* WORK ORDER:
Excluding pictures, give the entries again exactly as they appear.

- Opening Delimiter -

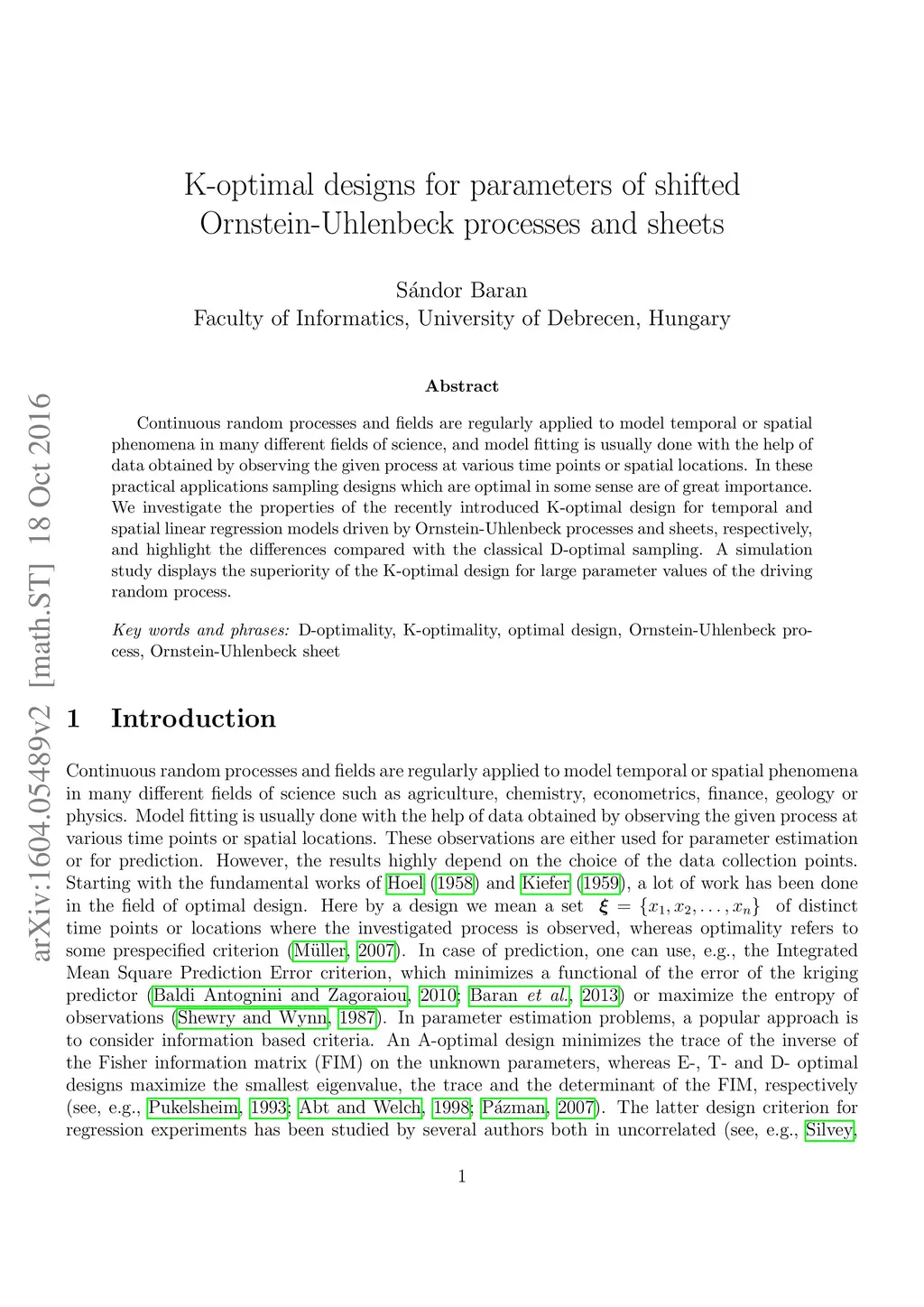 Continuous random processes and fields are regularly applied to model temporal or spatial phenomena in many different fields of science, and model fitting is usually done with the help of data obtained by observing the given process at various time points or spatial locations. In these practical applications sampling designs which are optimal in some sense are of great importance. We investigate the properties of the recently introduced K-optimal design for temporal and spatial linear regression models driven by Ornstein-Uhlenbeck processes and sheets, respectively, and highlight the differences compared with the classical D-optimal sampling. A simulation study displays the superiority of the K-optimal design for large parameter values of the driving random process.
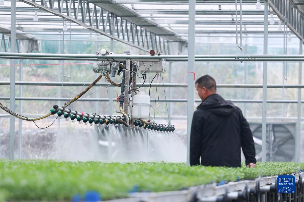 在貴州省榕江縣車(chē)江壩區智慧育苗中心內,當地農民運用水稻缽體育秧機、水肥一體自動(dòng)噴淋機、多功能育苗大棚等機械化、智能化設備進(jìn)行育秧育苗生產(chǎn),有效提高了勞動(dòng)效率和種苗質(zhì)量,助力春耕生產(chǎn)。
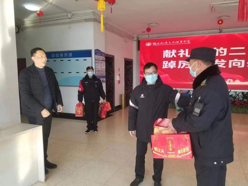 2023年1月19日上午,時值癸卯新年來臨之際,學(xué)院黨委副書記陳宜大攜安全保衛(wèi)處處長潘忠代表學(xué)校黨政,深入走訪慰問了寒假期間堅守崗位的一線工作人員,向他們的辛勤工作表示充分肯定,并送上新春的問候和祝福。
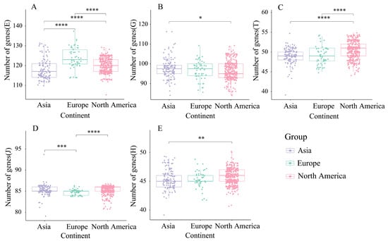 Consequently, differences among families E, G, J, L, T, and H were further analyzed (Figure 7). For family E, European isolates showed a significantly higher abundance than Asian and North American isolates (p < 0.0001). In family G, the number of Asian isolates significantly exceeded that of North American isolates (p < 0.05). Family T genes were significantly more abundant in North American isolates than in Asian and European isolates (p < 0.0001). For family J, isolates from Asia differed significantly from European isolates (p < 0.001), and North American isolates differed more significantly from European isolates (p < 0.0001). Finally, family H genes were significantly more abundant in North American than in Asian isolates (p < 0.01).
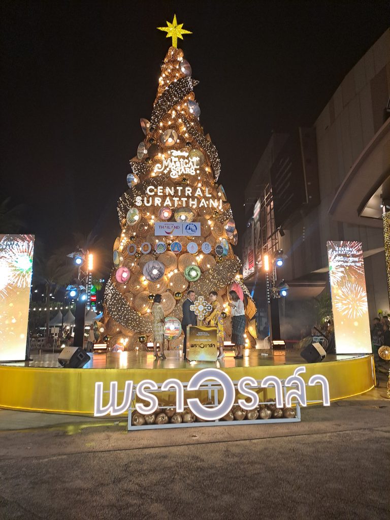 วันที่ 6 ธันวาคม 2568 เวลา 19.00 น. บริเวณลานกิจกรรมหน้าศูนย์การค้าเซ็นทรัล สุราษฎร์ธานี พิธีปิดไฟต้นคริสต์มาส “พราวราสา” โดยมี นายจุมพฎ วรรณฉัตรสิริ ผู้ว่าราชการจังหวัดสุราษฎร์ธานีเป็นประธาน
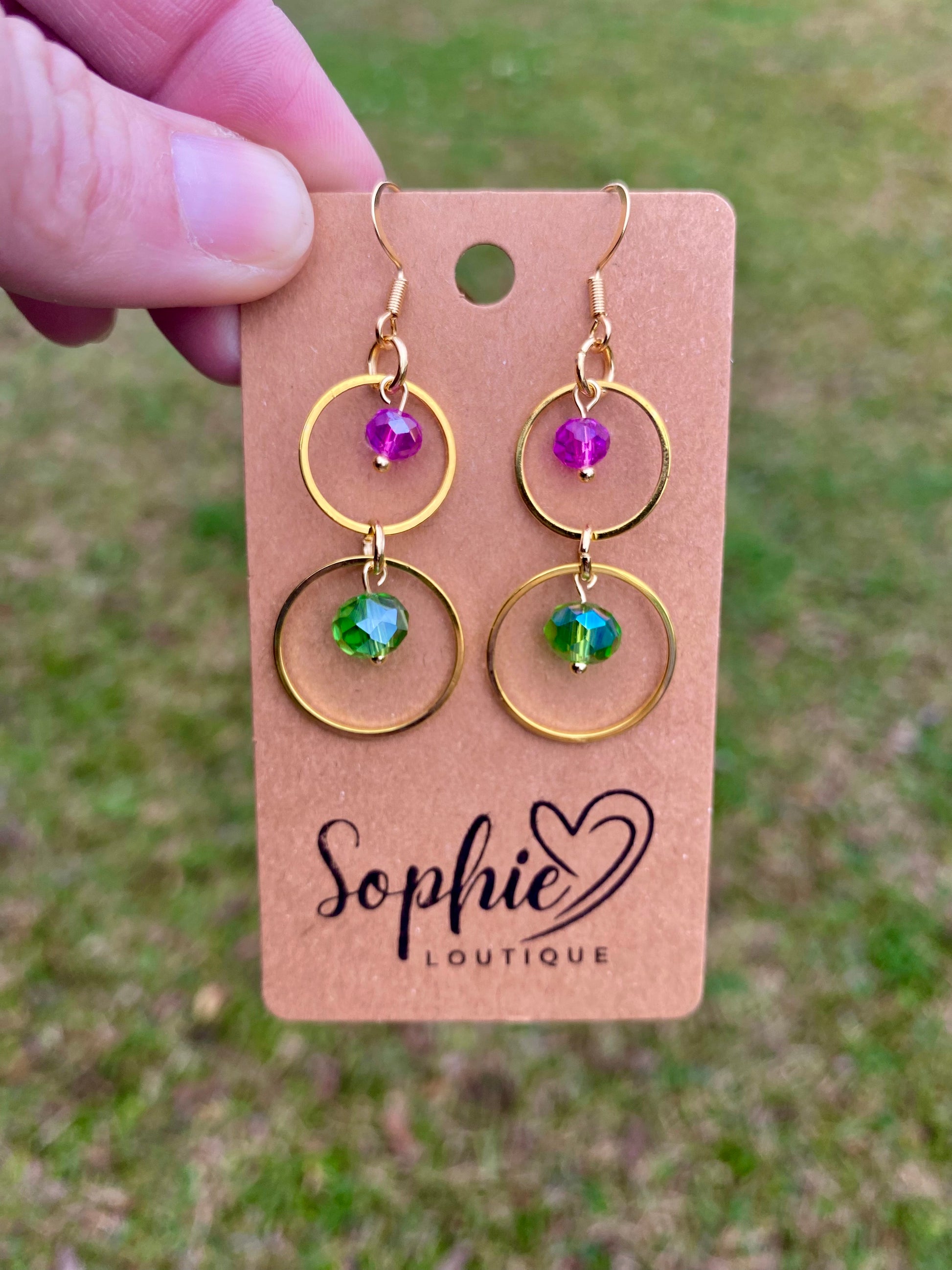 A stunning double hoop earring featuring purple and green faceted crystals. 14K gold-filled earring hooks.
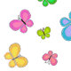 Rolfsamt flerfärgade folkliga konststils fjärilar fladdrar över denna söta gula och vita randiga bakgrund.
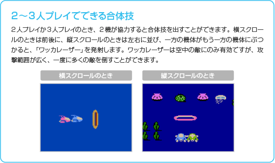 を押すと、ショットとボムを同時に発射します。正面に発射されるショットで空中の敵を攻撃し、前方から下に向かって発射されるボムで地上の敵や要塞を攻撃することができます。地上の敵を倒したり要塞を破壊すると、アイテムが出現することがあります。また、ショットで雲を撃つとベルが出現することがあります。
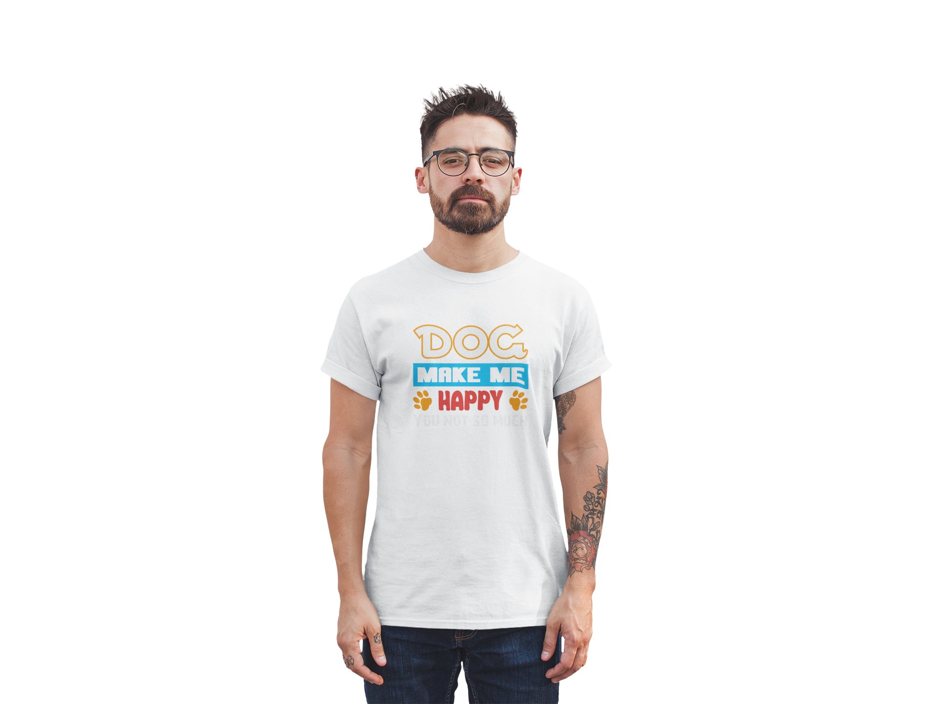 Dogs make me happy - printed stylish White cotton tshirt- tshirts for men
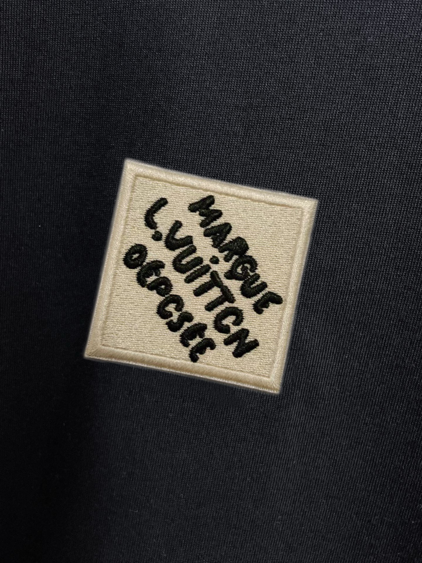 シンプルな黒地に、左胸に「MARQUE L.VUITTON O.P.C.S.T.E.」と刺繍されたパッチが、さりげないアクセントに。
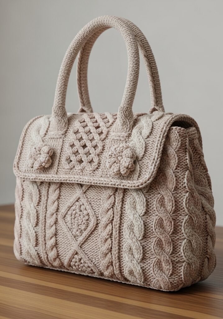 This handbag is the kind of thing that makes you question every purchase you have ever made at a designer accessories counter, because honestly why would you buy one when you could make something this extraordinary yourself. It’s worked in a firm blush linen or cotton blend yarn in the most beautiful neutral tone, somewhere between warm sand and pale rose, that manages to feel both casual and genuinely elegant at the same time. The entire surface of the bag is covered in a rich patchwork of different Aran cable panels, with thick braided cables running up the sides and body, a gorgeous open lattice or mesh cable panel on the flap, a raised diamond motif on the front body, and the most adorable little knot button closures that look like tiny sculptural flowers sitting right on the flap edge. The double top handles are worked in a neat tight stitch that gives them a really solid, polished look, and the whole bag holds its structured boxy shape beautifully thanks to the firm yarn and dense stitch work throughout.

- Closing Delimiter -

* RESULT:
 Continuous random processes and fields are regularly applied to model temporal or spatial phenomena in many different fields of science, and model fitting is usually done with the help of data obtained by observing the given process at various time points or spatial locations. In these practical applications sampling designs which are optimal in some sense are of great importance. We investigate the properties of the recently introduced K-optimal design for temporal and spatial linear regression models driven by Ornstein-Uhlenbeck processes and sheets, respectively, and highlight the differences compared with the classical D-optimal sampling. A simulation study displays the superiority of the K-optimal design for large parameter values of the driving random process.
 在貴州省榕江縣車(chē)江壩區智慧育苗中心內,當地農民運用水稻缽體育秧機、水肥一體自動(dòng)噴淋機、多功能育苗大棚等機械化、智能化設備進(jìn)行育秧育苗生產(chǎn),有效提高了勞動(dòng)效率和種苗質(zhì)量,助力春耕生產(chǎn)。
 2023年1月19日上午,時值癸卯新年來臨之際,學(xué)院黨委副書記陳宜大攜安全保衛(wèi)處處長潘忠代表學(xué)校黨政,深入走訪慰問了寒假期間堅守崗位的一線工作人員,向他們的辛勤工作表示充分肯定,并送上新春的問候和祝福。
 Consequently, differences among families E, G, J, L, T, and H were further analyzed (Figure 7). For family E, European isolates showed a significantly higher abundance than Asian and North American isolates (p < 0.0001). In family G, the number of Asian isolates significantly exceeded that of North American isolates (p < 0.05). Family T genes were significantly more abundant in North American isolates than in Asian and European isolates (p < 0.0001). For family J, isolates from Asia differed significantly from European isolates (p < 0.001), and North American isolates differed more significantly from European isolates (p < 0.0001). Finally, family H genes were significantly more abundant in North American than in Asian isolates (p < 0.01).
 วันที่ 6 ธันวาคม 2568 เวลา 19.00 น. บริเวณลานกิจกรรมหน้าศูนย์การค้าเซ็นทรัล สุราษฎร์ธานี พิธีปิดไฟต้นคริสต์มาส “พราวราสา” โดยมี นายจุมพฎ วรรณฉัตรสิริ ผู้ว่าราชการจังหวัดสุราษฎร์ธานีเป็นประธาน
 A stunning double hoop earring featuring purple and green faceted crystals. 14K gold-filled earring hooks.
 Rolfsamt flerfärgade folkliga konststils fjärilar fladdrar över denna söta gula och vita randiga bakgrund.
 を押すと、ショットとボムを同時に発射します。正面に発射されるショットで空中の敵を攻撃し、前方から下に向かって発射されるボムで地上の敵や要塞を攻撃することができます。地上の敵を倒したり要塞を破壊すると、アイテムが出現することがあります。また、ショットで雲を撃つとベルが出現することがあります。
 Dogs make me happy - printed stylish White cotton tshirt- tshirts for men
 シンプルな黒地に、左胸に「MARQUE L.VUITTON O.P.C.S.T.E.」と刺繍されたパッチが、さりげないアクセントに。
 This handbag is the kind of thing that makes you question every purchase you have ever made at a designer accessories counter, because honestly why would you buy one when you could make something this extraordinary yourself. It’s worked in a firm blush linen or cotton blend yarn in the most beautiful neutral tone, somewhere between warm sand and pale rose, that manages to feel both casual and genuinely elegant at the same time. The entire surface of the bag is covered in a rich patchwork of different Aran cable panels, with thick braided cables running up the sides and body, a gorgeous open lattice or mesh cable panel on the flap, a raised diamond motif on the front body, and the most adorable little knot button closures that look like tiny sculptural flowers sitting right on the flap edge. The double top handles are worked in a neat tight stitch that gives them a really solid, polished look, and the whole bag holds its structured boxy shape beautifully thanks to the firm yarn and dense stitch work throughout.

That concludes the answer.